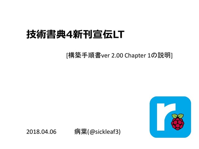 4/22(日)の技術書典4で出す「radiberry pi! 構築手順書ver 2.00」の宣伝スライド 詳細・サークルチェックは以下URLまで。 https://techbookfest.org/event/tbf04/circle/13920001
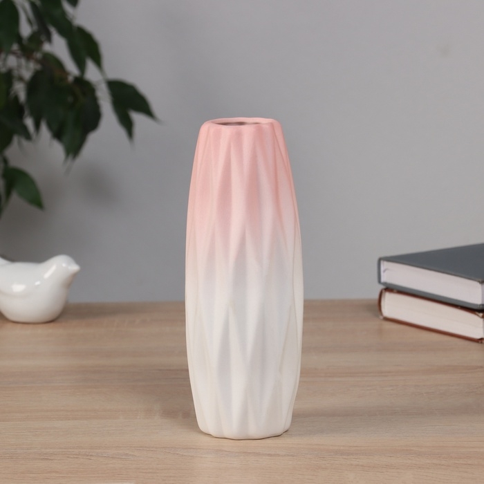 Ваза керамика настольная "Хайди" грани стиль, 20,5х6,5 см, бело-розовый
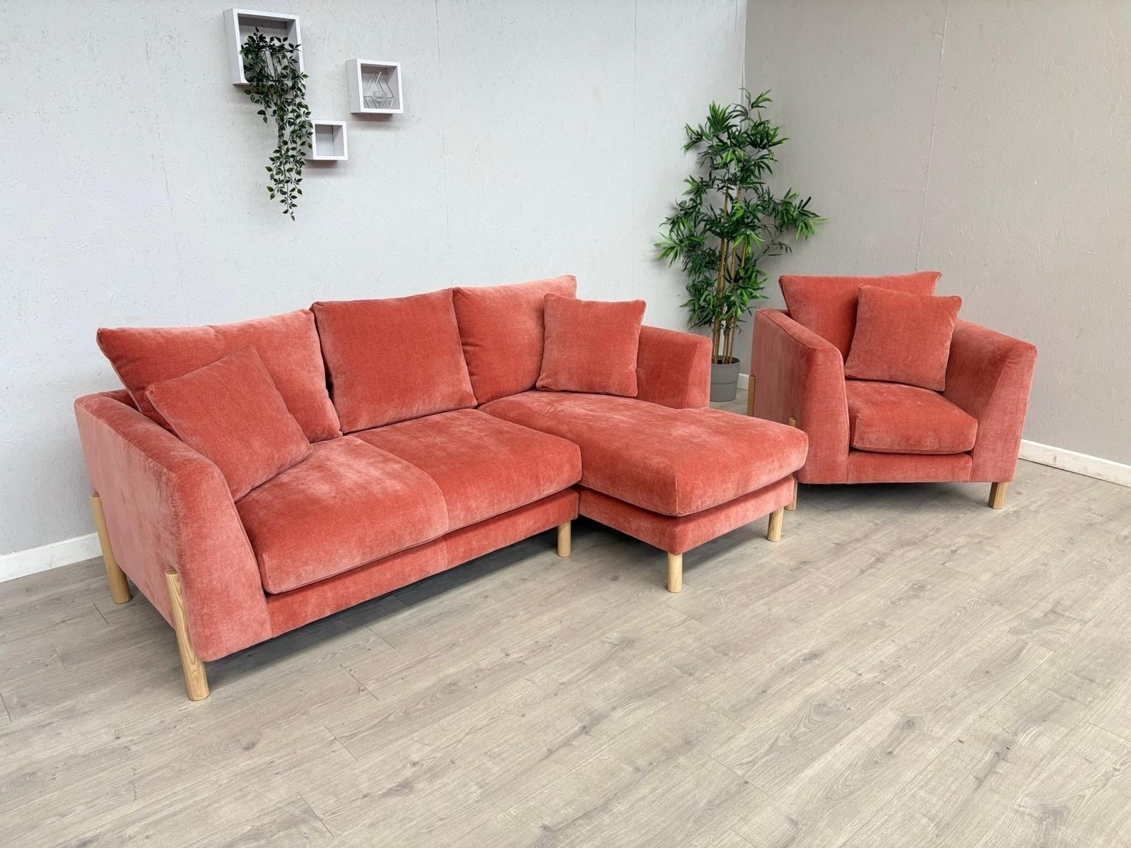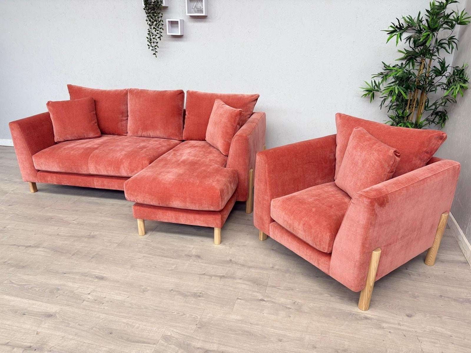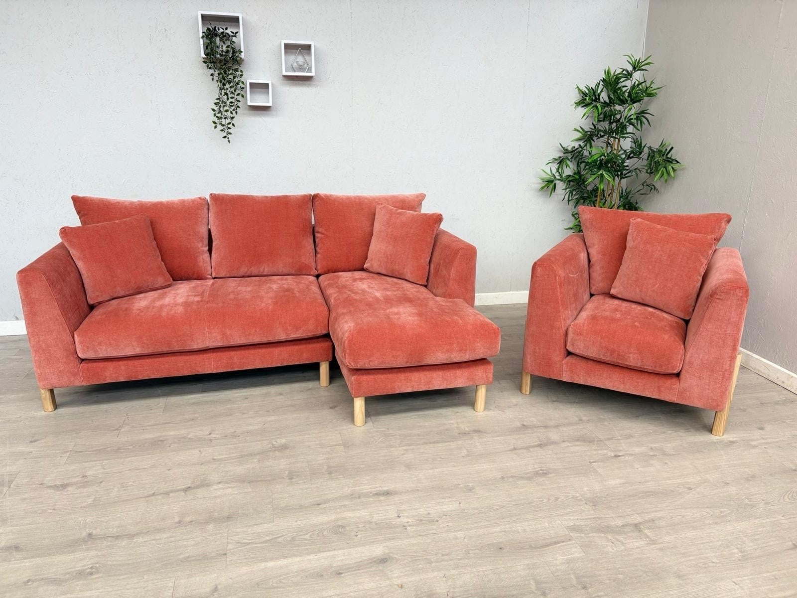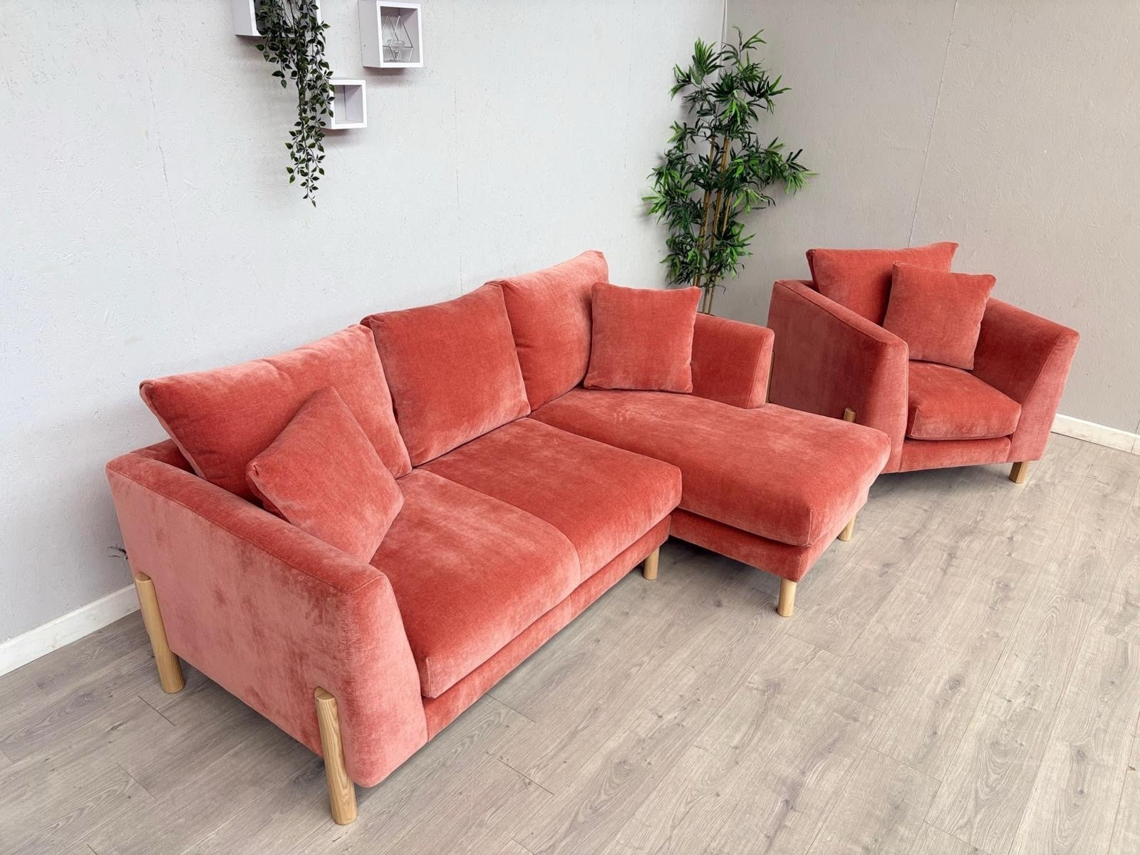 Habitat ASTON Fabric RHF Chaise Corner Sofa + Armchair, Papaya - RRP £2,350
--
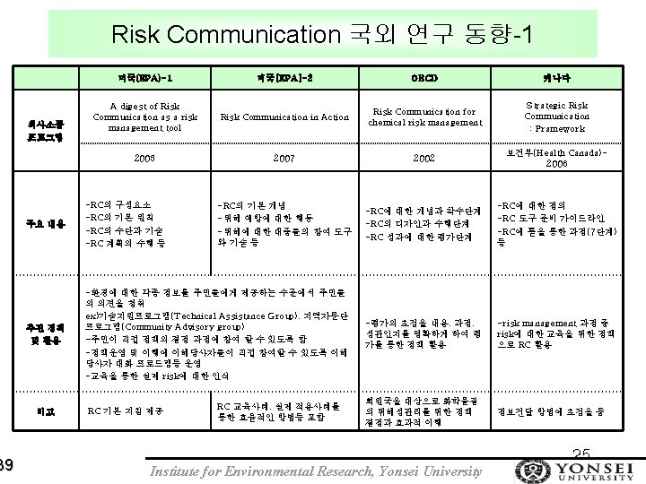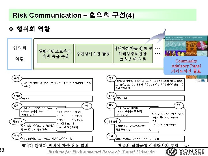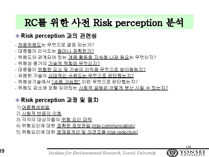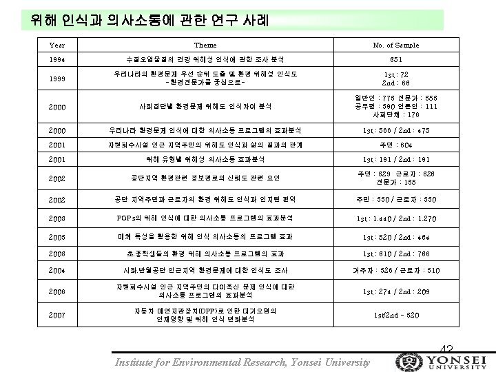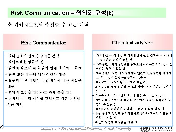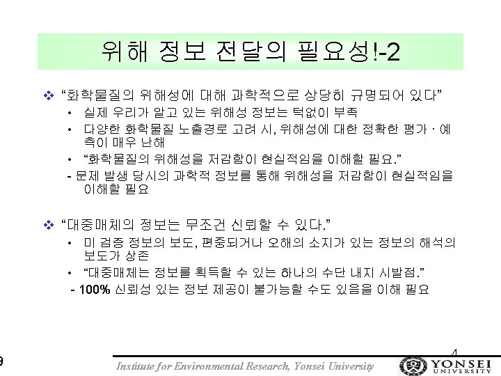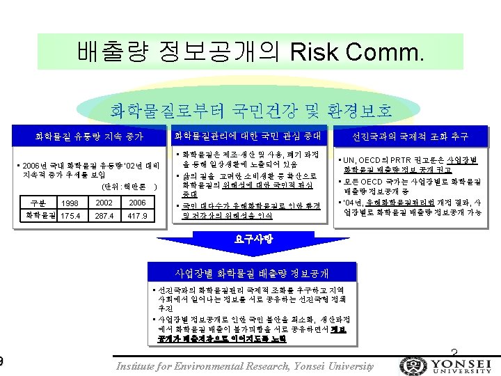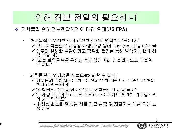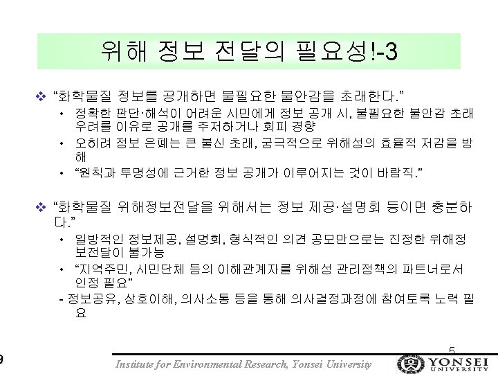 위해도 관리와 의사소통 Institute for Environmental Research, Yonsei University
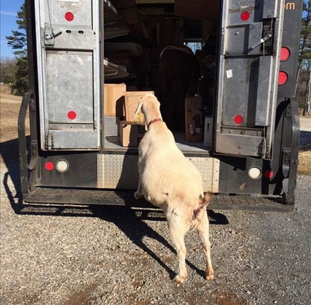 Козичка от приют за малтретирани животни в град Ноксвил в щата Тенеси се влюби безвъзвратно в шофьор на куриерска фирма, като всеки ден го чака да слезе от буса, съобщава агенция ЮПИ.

[What you have to do] The copy should hold exactly the lines above from the one with "4/22(日)の技術書典4で出す「radiberry pi! 構築手順書ver" through the one with "Habitat ASTON Fabric", both ends counted, and no pictures at all.

[Final answer]
 4/22(日)の技術書典4で出す「radiberry pi! 構築手順書ver 2.00」の宣伝スライド 詳細・サークルチェックは以下URLまで。 https://techbookfest.org/event/tbf04/circle/13920001
 Ваза керамика настольная "Хайди" грани стиль, 20,5х6,5 см, бело-розовый
 Habitat ASTON Fabric RHF Chaise Corner Sofa + Armchair, Papaya - RRP £2,350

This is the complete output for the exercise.